● **Source information**:
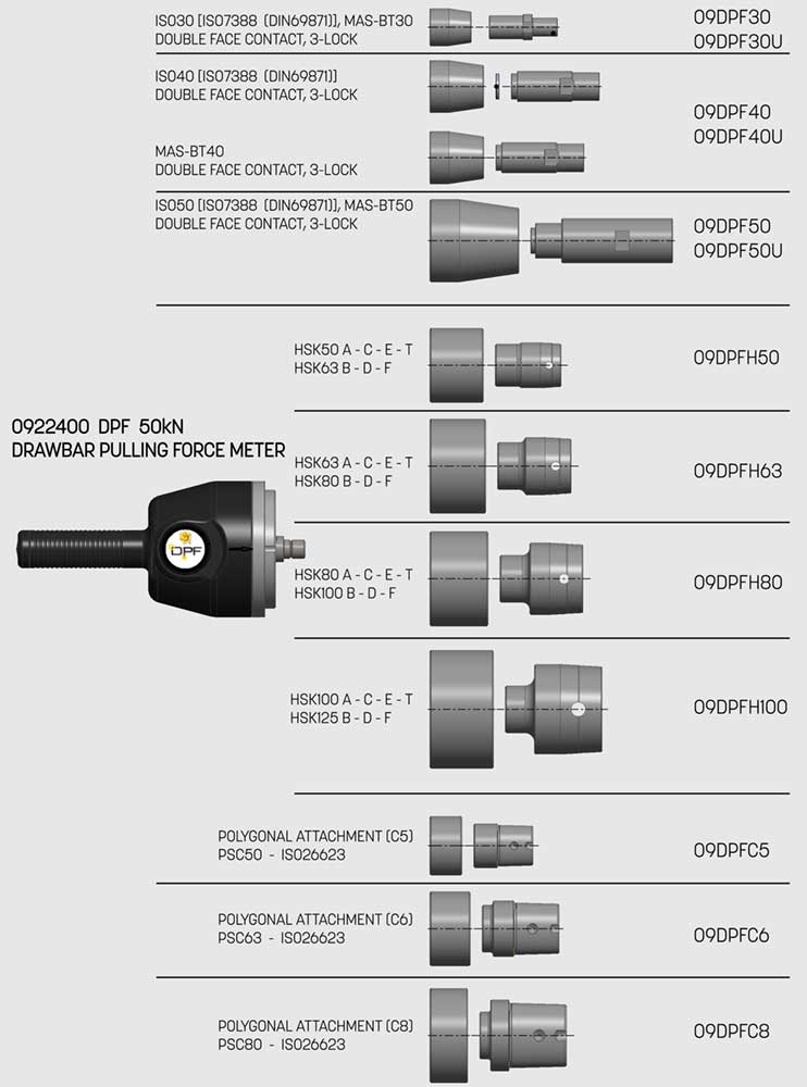 Grazie a una serie di adattatori intercambiabili, il DPF è compatibile con tutti i principali standard di attacco mandrino portautensile, diventando così uno strumento estremamente versatile e facilmente integrabile in qualsiasi officina.
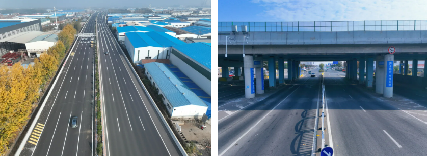 工程沿線跨越多個街道、村落,沿線大型廠房與各類管線密集分布,改擴建工程牽動周邊居民的日常生活。項目充分利用黨建聯建機制,聯動沿線屬地交警、高速運營等 28 家單位,高效疏通管線遷改、交通導改等建設瓶頸,助力解決春耕秋收、農產品滯銷、村莊積水等急難愁盼問題,與周邊居民攜手推動工程建設,全線率先完成橋梁拆除等 10 個關鍵節點。
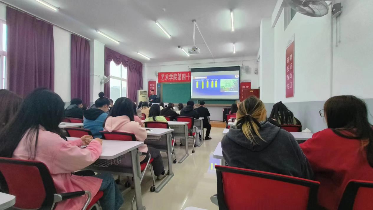 4月23日下午,市公安局反诈中心吴枝科警官在美术楼201教室为我院学生开展防范电信网络诈骗知识讲座,全院班干部到场聆听。
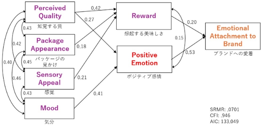 現行パッケージと新パッケージの共通点として、消費者のポジティブな反応を引き出すために重要な5つの要素が確認されました。それは、「品質の高さや信頼感(Perceived Quality)」、「見た目の良さ(Package Appearance)」、「五感に訴える魅力(Sensory Appeal)」、「感情に訴える魅力(Mood)」、「おいしさの想起(Reward)」です。さらに、新パッケージにはTeaseが含まれており、これが商品の価値観を損なうことなく、「親しみやすさ(Familiarity)」を有意に少しだけ向上させ、「新奇性(Novelty)」も少し向上させる傾向があることが分かりました。
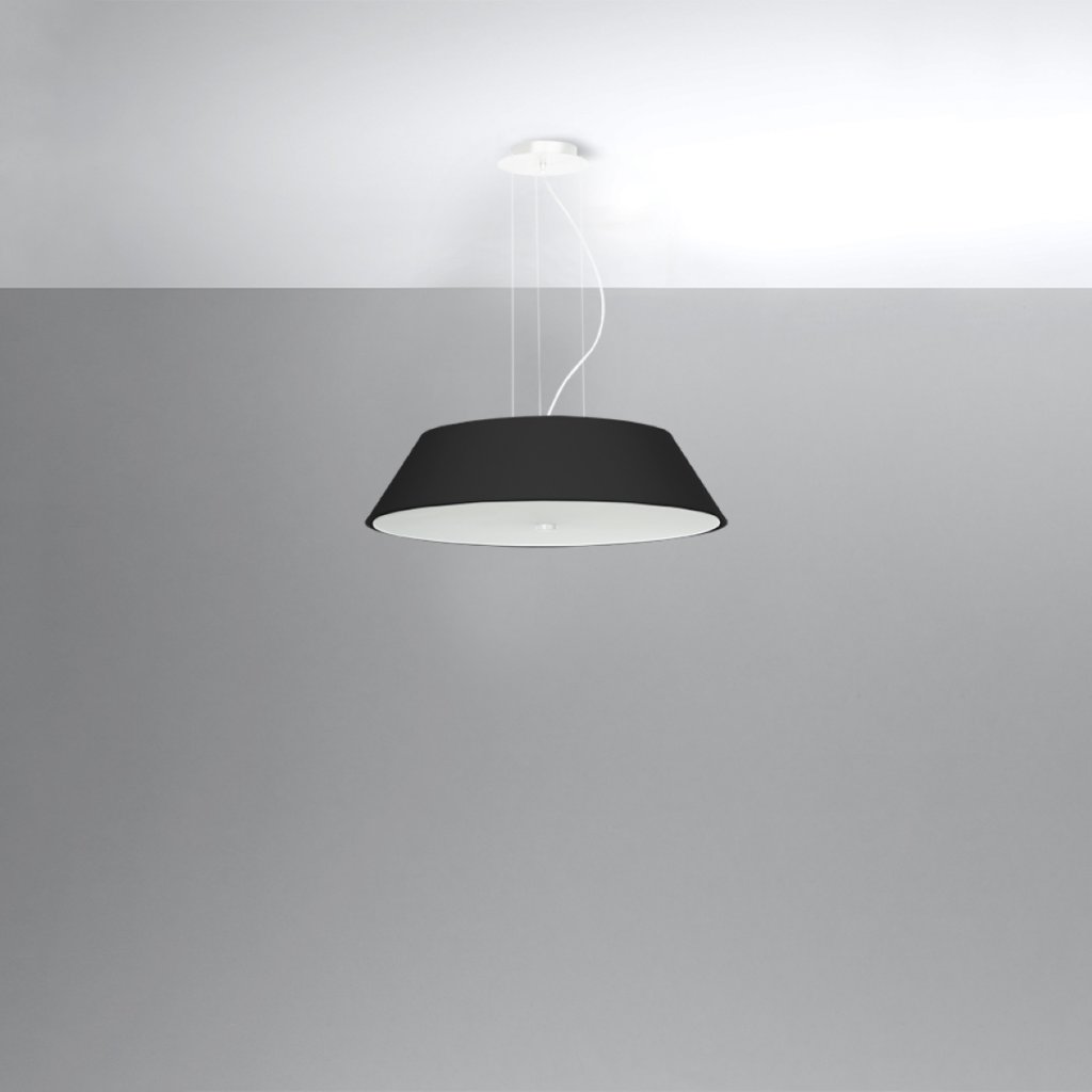 Závěsné svítidlo Vega, 1x černé textilní stínítko, (bílé sklo), (fi 60 cm)
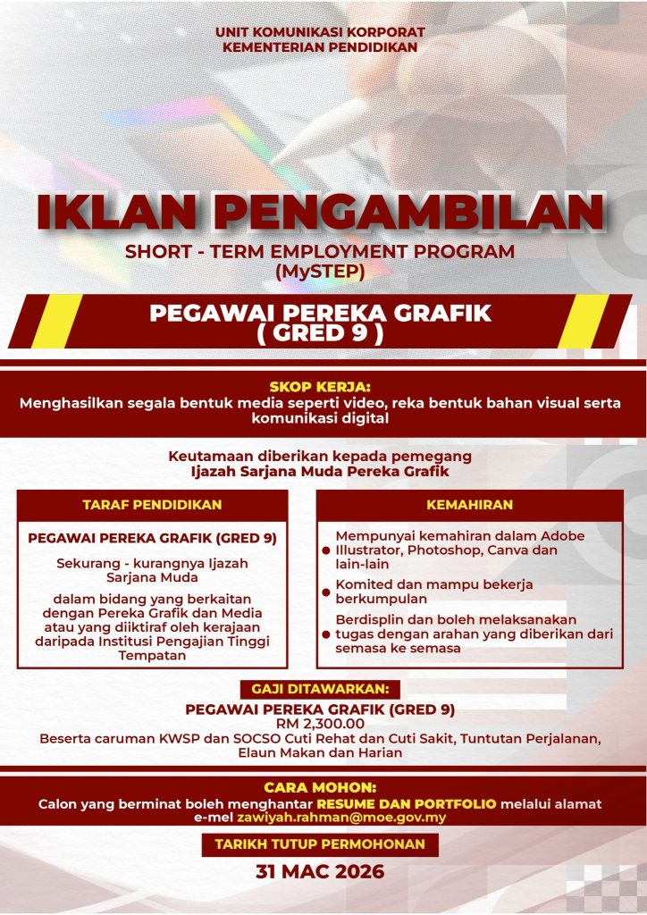 Kementerian Pendidikan Malaysia (KPM) melalui Unit Komunikasi Korporat kini membuka peluang kerjaya kepada rakyat Malaysia untuk mengisi kekosongan jawatan di bawah Program Malaysia Short-Term Employment Program (MySTEP).
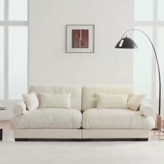 Deep Seat Cloud Couch in Cream: Modular Velvet Sectional with Bolstered Armrests 2-3-4 seats
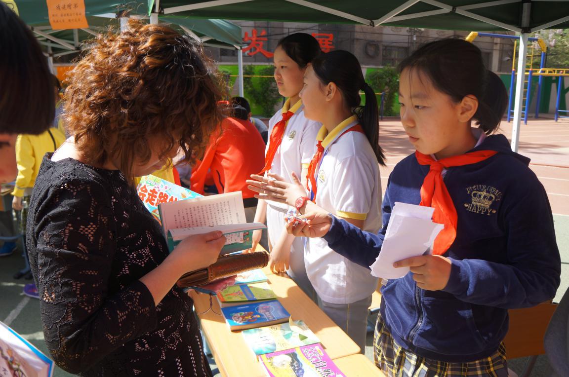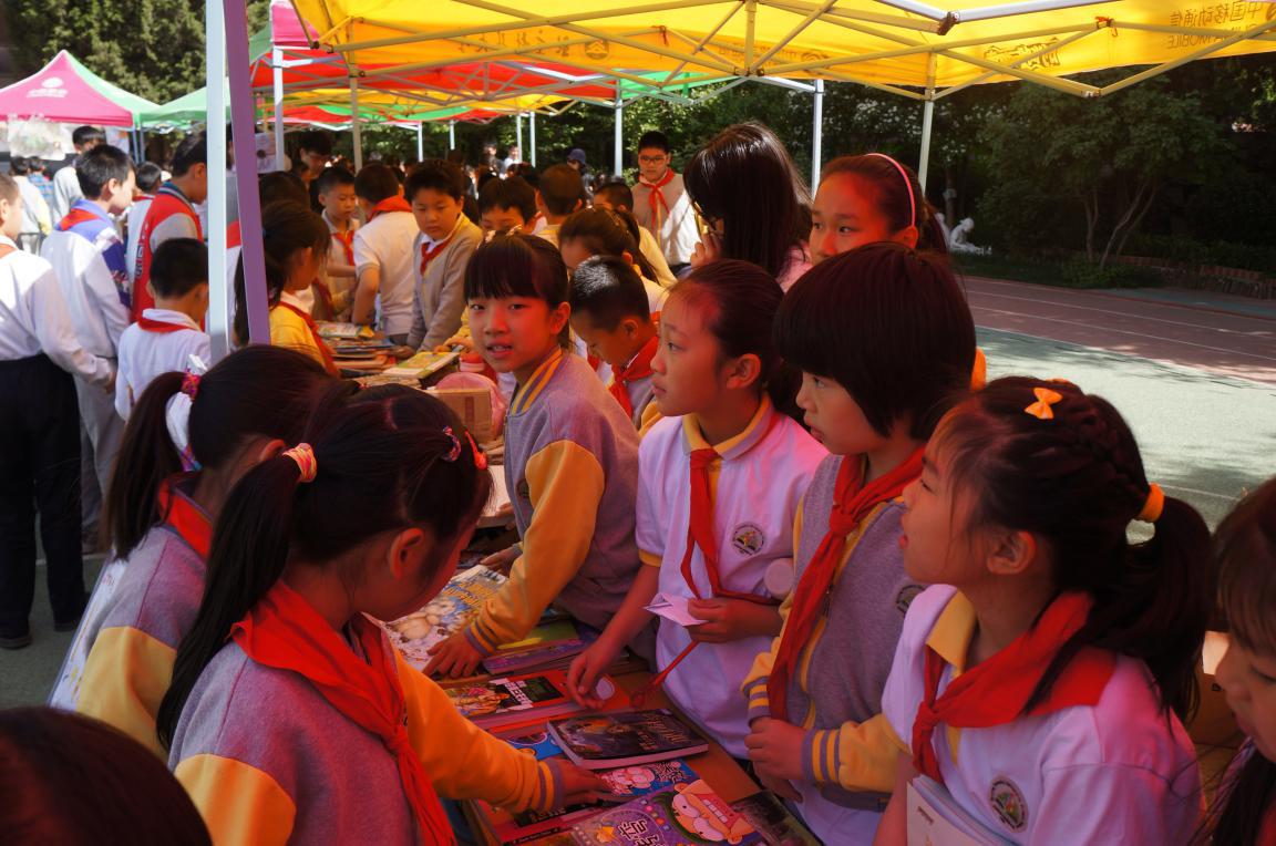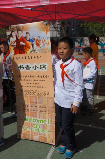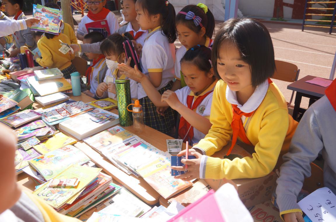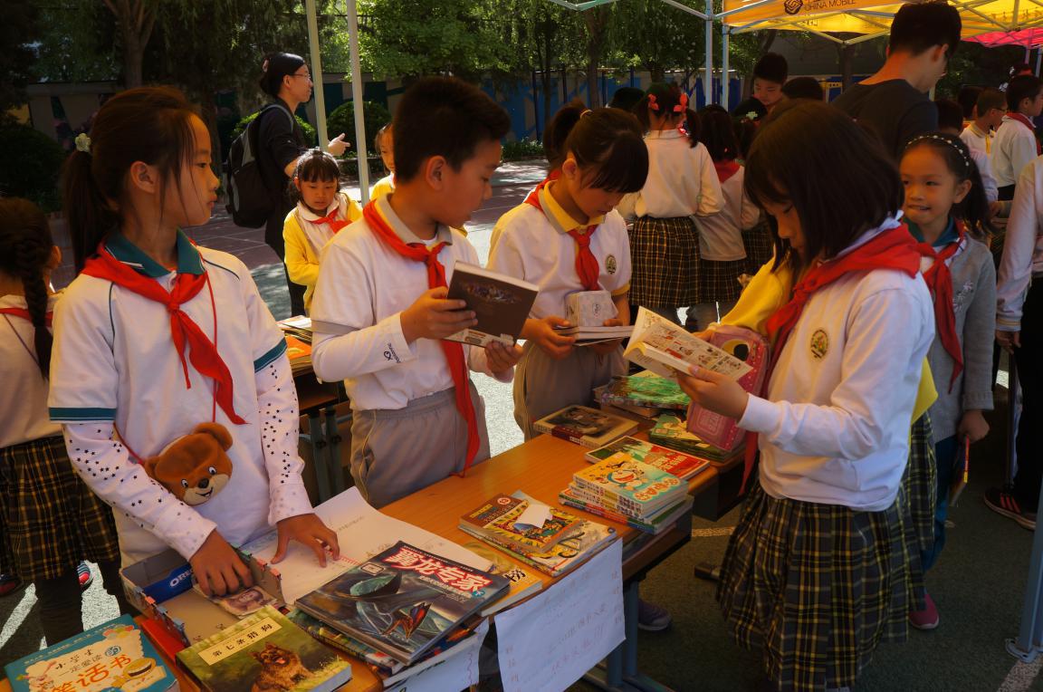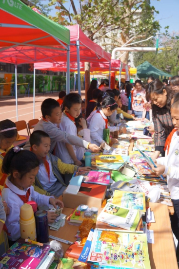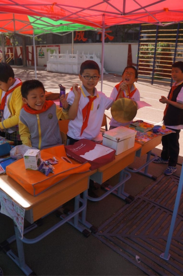 看!操场上人头攒动,同学们有的摆摊卖书,有的选购图书,有的吆喝揽客。为了招揽“顾客”,同学们使出了浑身解数。有的准备了创意十足的手绘海报,有的则喷绘打印请“明星”为自己的书摊代言,有的不惜“牺牲”自身形象敲锣打鼓、唱歌跳舞......

● **Task item**:
Starting with the line that contains "Závěsné svítidlo Vega, 1x", print every remaining line of the records above, exactly as it stands. Do not print the pictures.

● **Response to this task**:
 Závěsné svítidlo Vega, 1x černé textilní stínítko, (bílé sklo), (fi 60 cm)
 Kementerian Pendidikan Malaysia (KPM) melalui Unit Komunikasi Korporat kini membuka peluang kerjaya kepada rakyat Malaysia untuk mengisi kekosongan jawatan di bawah Program Malaysia Short-Term Employment Program (MySTEP).
 Deep Seat Cloud Couch in Cream: Modular Velvet Sectional with Bolstered Armrests 2-3-4 seats
 看!操场上人头攒动,同学们有的摆摊卖书,有的选购图书,有的吆喝揽客。为了招揽“顾客”,同学们使出了浑身解数。有的准备了创意十足的手绘海报,有的则喷绘打印请“明星”为自己的书摊代言,有的不惜“牺牲”自身形象敲锣打鼓、唱歌跳舞......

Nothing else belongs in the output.